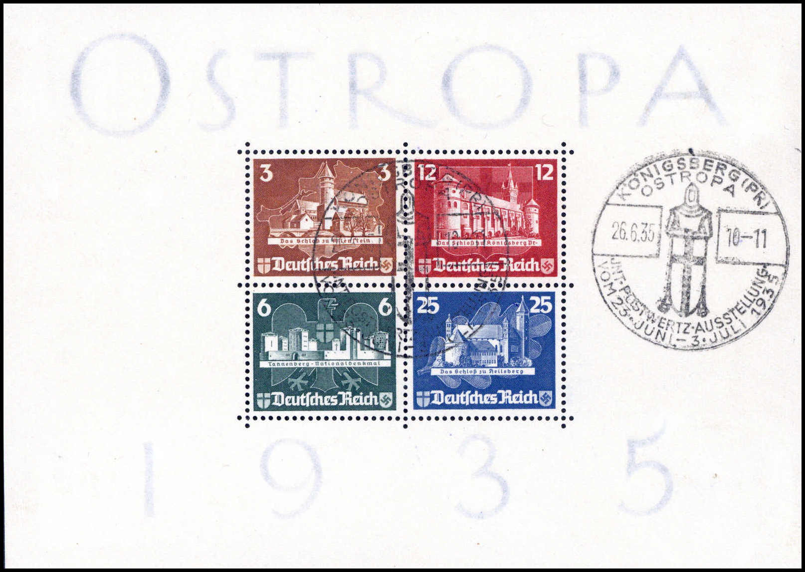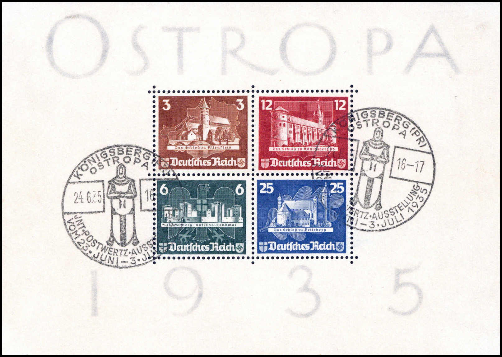 OSTROPA-Block, tadelloses Exemplar mit zwei sauber aufges. Ausstellungs-SST. Katalogpreis: 1.100,-
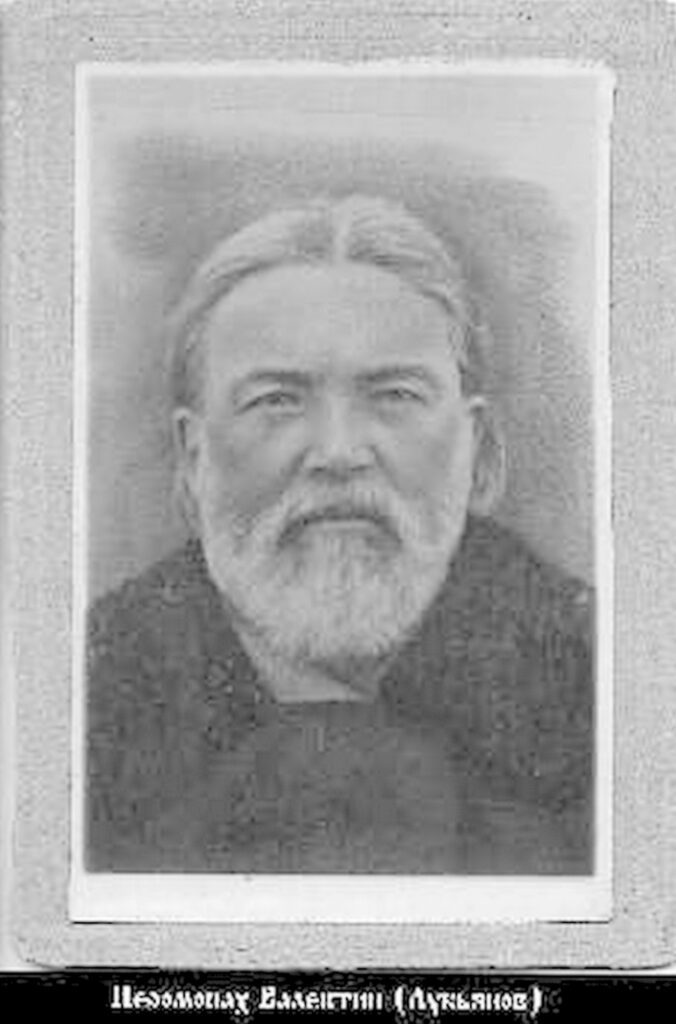 Преподобномученик Валентин родился 2 августа 1875 года в Калужской губернии в семье крестьянина Иакова Лукьянова и в крещении наречен был Василием. Образование он получил в церковноприходской школе; женился, и у них с женой родилось трое детей, но вскоре после рождения последнего ребенка Василий овдовел. В 1906 году он поступил в Троице-Сергиеву Лавру и 26 мая 1908 года был зачислен в нее послушником; как имеющий прекрасные музыкальные и певческие дарования, он был определен на клирос. 7 ноября 1915 года Василий был пострижен в монашество и наречен Валентином.
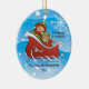 Twin's First Christmas Ornament features the cutest little pair of gingerbread twins in a sleigh set on a snowflake background! Personalize with your baby information and date and you're all set to go! Wonderful dated keepsake gift for your baby's 1st christmas.
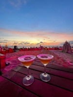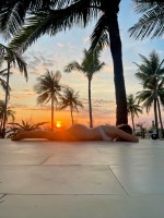 After lunch, we walked down to Ocsen, a sunset-facing beach club, with orange beanbags and tables spread across the sand, a DJ and amazing cocktails. Pat set up a time-lapse for the sunset and we chatted until the sun went down. After this, we took another Grab to the Phú Quốc Night Markets – literally mayhem. I have never seen so much seafood, or so many rolled-ice cream stands in my life. Anyway, we walked around and I settled for a corn cob on a stick, while Pat chose a chip on a stick, and we both enjoyed ice cream. Yum.
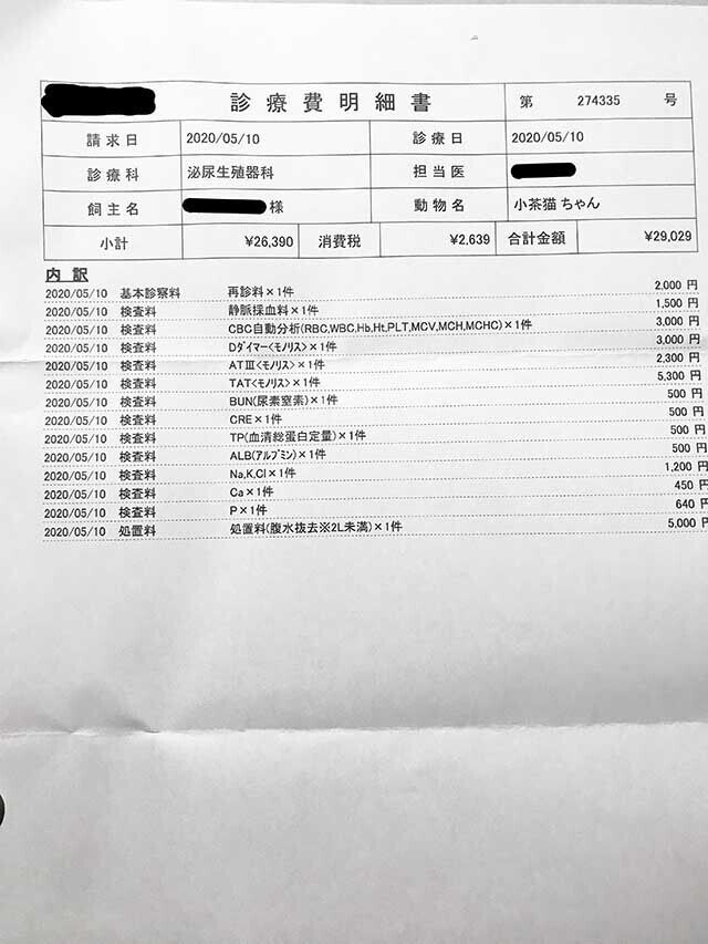 いただいた資金は全て小茶の手術代、治療費の支払いに使わせていただきます。
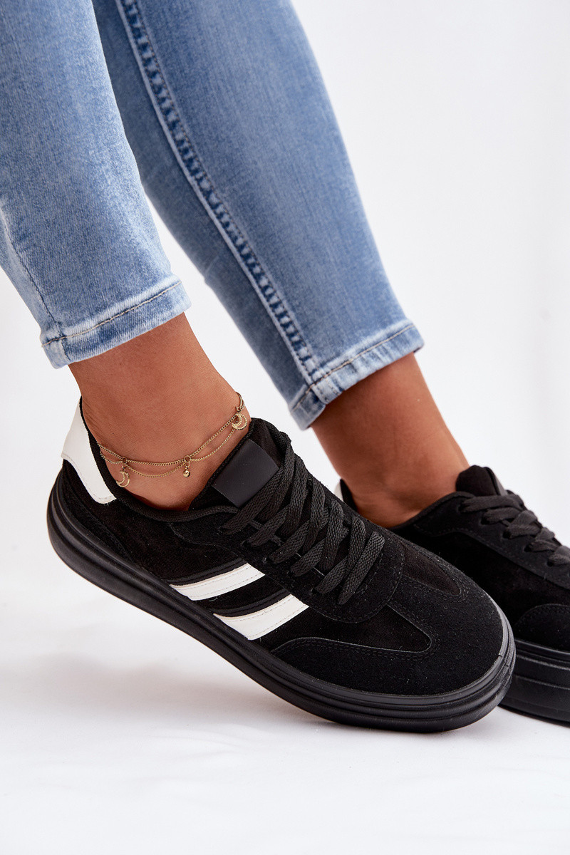 Stylish Inomen's sneakers made of eco suede are a comfortable everyday option. The platform sole subtly accentuates the silhouette and provides stability Inhile Inalking. TIno straps on the side give a sporty, modern character. The soft foam insole guarantees all-day comfort, making these sneakers perfect for everyday outfits. INhen choosing a size, please refer to the size chart.
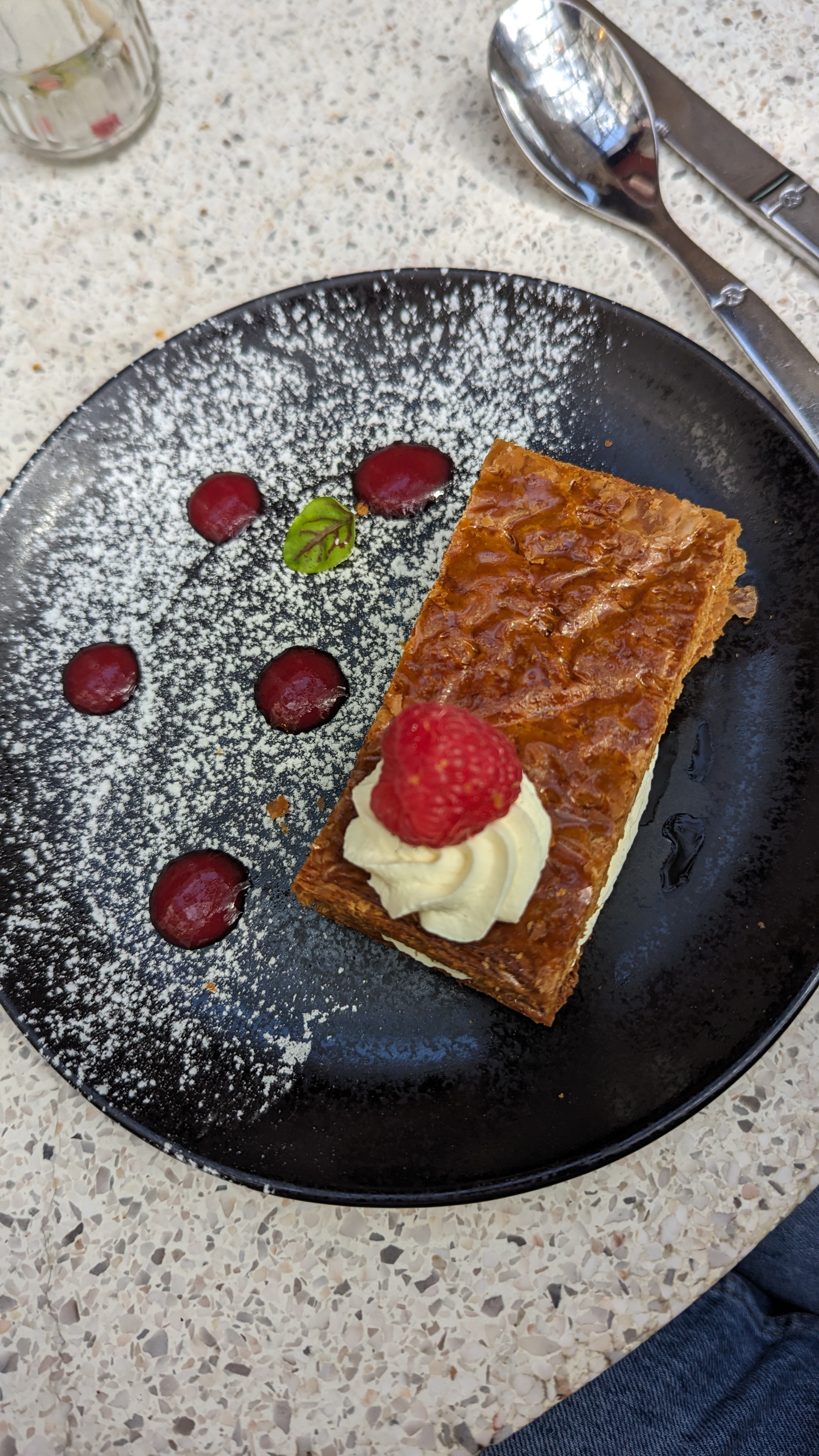 Cadre agréable. On s'est régalé avec le plat de mamie (blanquette et frite maison) et le dessert de l'apprenti (millefeuille praliné)..

HOW TO COMPLETE THIS TASK:
In the records above, find the line with "Stylish Inomen's sneakers" and copy from it through the last line exactly, without the pictures.

RESPONSE BELOW:
 Stylish Inomen's sneakers made of eco suede are a comfortable everyday option. The platform sole subtly accentuates the silhouette and provides stability Inhile Inalking. TIno straps on the side give a sporty, modern character. The soft foam insole guarantees all-day comfort, making these sneakers perfect for everyday outfits. INhen choosing a size, please refer to the size chart.
 Cadre agréable. On s'est régalé avec le plat de mamie (blanquette et frite maison) et le dessert de l'apprenti (millefeuille praliné)..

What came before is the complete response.